In general, TKG link predictions are categorized in two settings: interpolation and extrapolation. Given a TKG with the time interval $[t_0,t_n]$, interpolation aims to predict missing facts at timestamp t such that $t_0 \le t\le t_n$ and extrapolation, which aims to predict new facts at timestamp t such that $t\ge t_n$. For interpolation, DE-SimplE [3] draws inspiration from diachronic word embeddings, developing a diachronic embedding function to generate a hidden representation for the entity at any given time. However, it is hard to help supplement the KG on future timestamps.

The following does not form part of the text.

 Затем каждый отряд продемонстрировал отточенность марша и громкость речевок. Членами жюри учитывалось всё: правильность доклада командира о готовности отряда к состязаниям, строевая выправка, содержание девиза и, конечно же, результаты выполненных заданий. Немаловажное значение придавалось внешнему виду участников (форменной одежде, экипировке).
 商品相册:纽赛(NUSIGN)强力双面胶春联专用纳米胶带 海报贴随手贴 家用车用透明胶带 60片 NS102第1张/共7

For extrapolation, existing methods are achieved through various techniques such as temporal point process framework [4, 5], CNN-based methods [6] and deep recurrent models [7, 8]. Mei et al., propose N-SM-MPP [4] model for link prediction using the Hawkes process to capture the dynamic temporal information. In addition, DyRep [5] considers representation learning as a latent mediation process. However, these two methods are more suitable for model TKG in continuous time. For the multi-relational, directed graph structure of each KG, REGCN [6] utilize GCN, which it’s quite a powerful model for graph-structured data to characterize structural dependencies. Jin et al., develop an autoregressive framework [7], called RE-NET, utilizing recurrent event encoder and neighborhood aggregator to model the information of dynamic temporal and concurrent events in the same timestamp. Despite the effectiveness of the methods mentioned above, these methods have limitations to some degree, because they do not consider the special properties of TKG that is there exist some potential factors that affect the network evolution.

3 Problem Formulation

We first give notations used in this paper and then formalize the TKG representation learning problem to be addressed.

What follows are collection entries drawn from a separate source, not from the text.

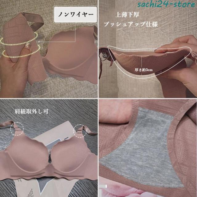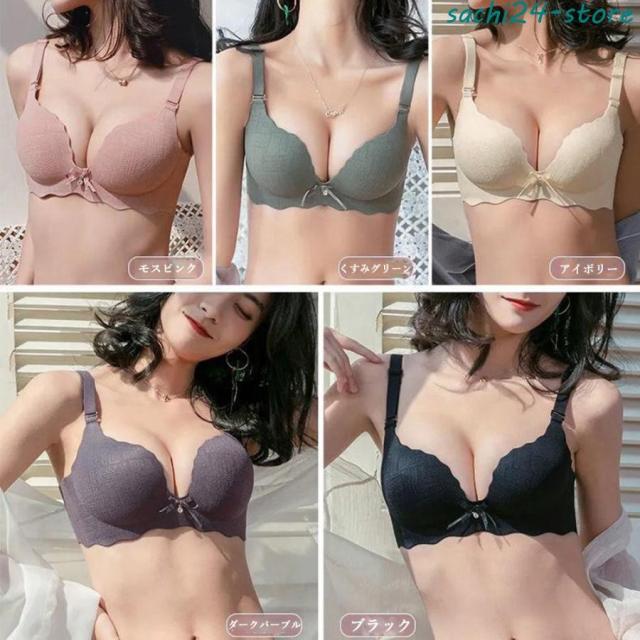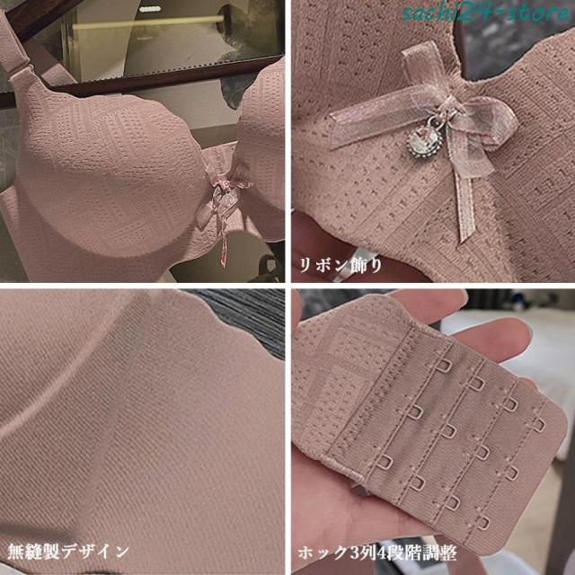 レディース ランジェリーセット プッシュアップ フロントリボン ナイトブラ 脇スッキリ シームレス 2点セット
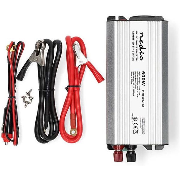 NEDIS PIM60012FGY POWER INVERTER MODIFIED SINE WAVE INPUT: 12 VDC OUTPUT: 1200W 600W SILVER
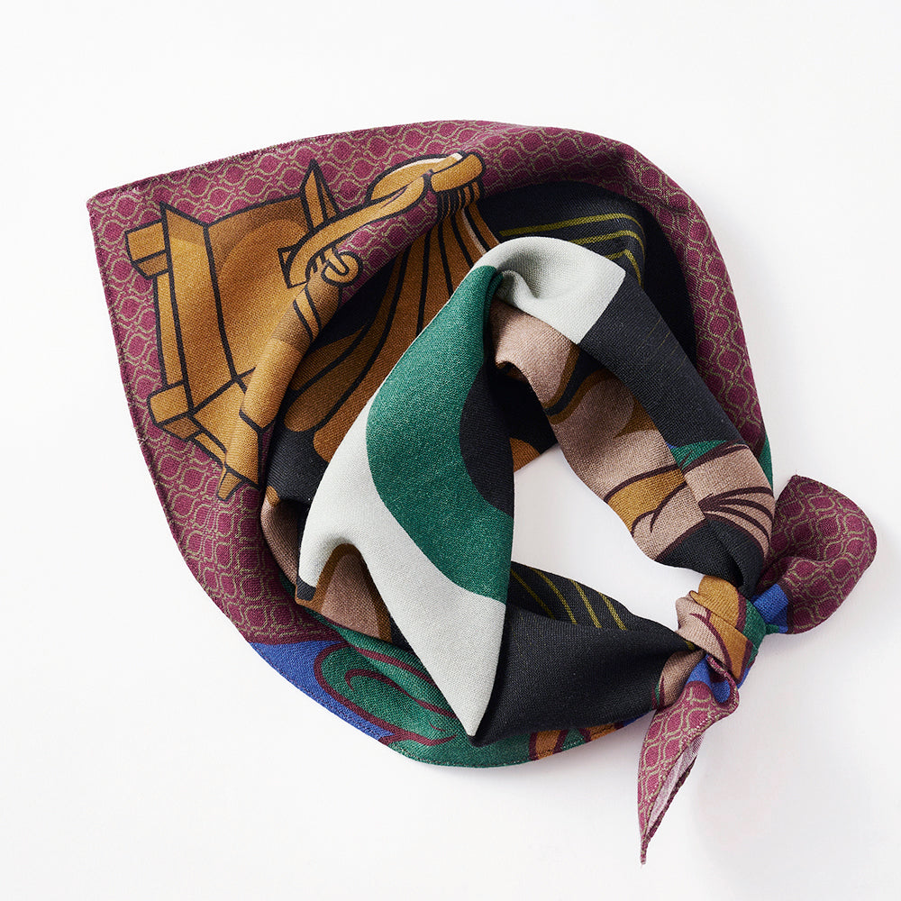 尾州(愛知)でていねいに織られた、柔らかく繊細なメリノウールを使った、ミニタイプの正方形スカーフ。

Notations. A TKG is defined as a sequence of static KGs with timestamps, $G=\{G_1,\cdots ,G_n\}$ where n represents the number of timestamps. Each KG $G_t$ is a multi-relational, directed graph which contains all the facts that co-occur at timestamp t and we define it as $G_t=\{V,R,\mathcal {E}_t\} $ where V denotes the set of entities, R denotes the set of relations, and $\mathcal {E}_t $ denotes the set of facts at timestamp t. Any fact in $\mathcal {E}_t $ can be represented as a quadruple (subject entity, relation, object entity, timestamp) and is denoted by (s, r, o, t), where $s,o\in V$ and $r \in R$.

Problem Definition. The TKG representation learning task aims to learn latent representations $\textbf{h}_{o,t} \in \mathbb {R}^{F'}$ and $\textbf{r}_t \in \mathbb {R}^{F'}$ for each node $o \in V$ and relation $r \in R$ at time $t = \{1, 2, . . . ,n\}$, such that $\textbf{h}_{o,t}$ preserves both the graph structures and dynamic temporal information. Formally, the problem can be defined as:

Input: A sequence of static KGs with timestamps, $G=\{G_1,\cdots ,G_n\}$, entity embedding matrices $\textbf{H}_t$ and relation embedding matrices $\textbf{R}_t$.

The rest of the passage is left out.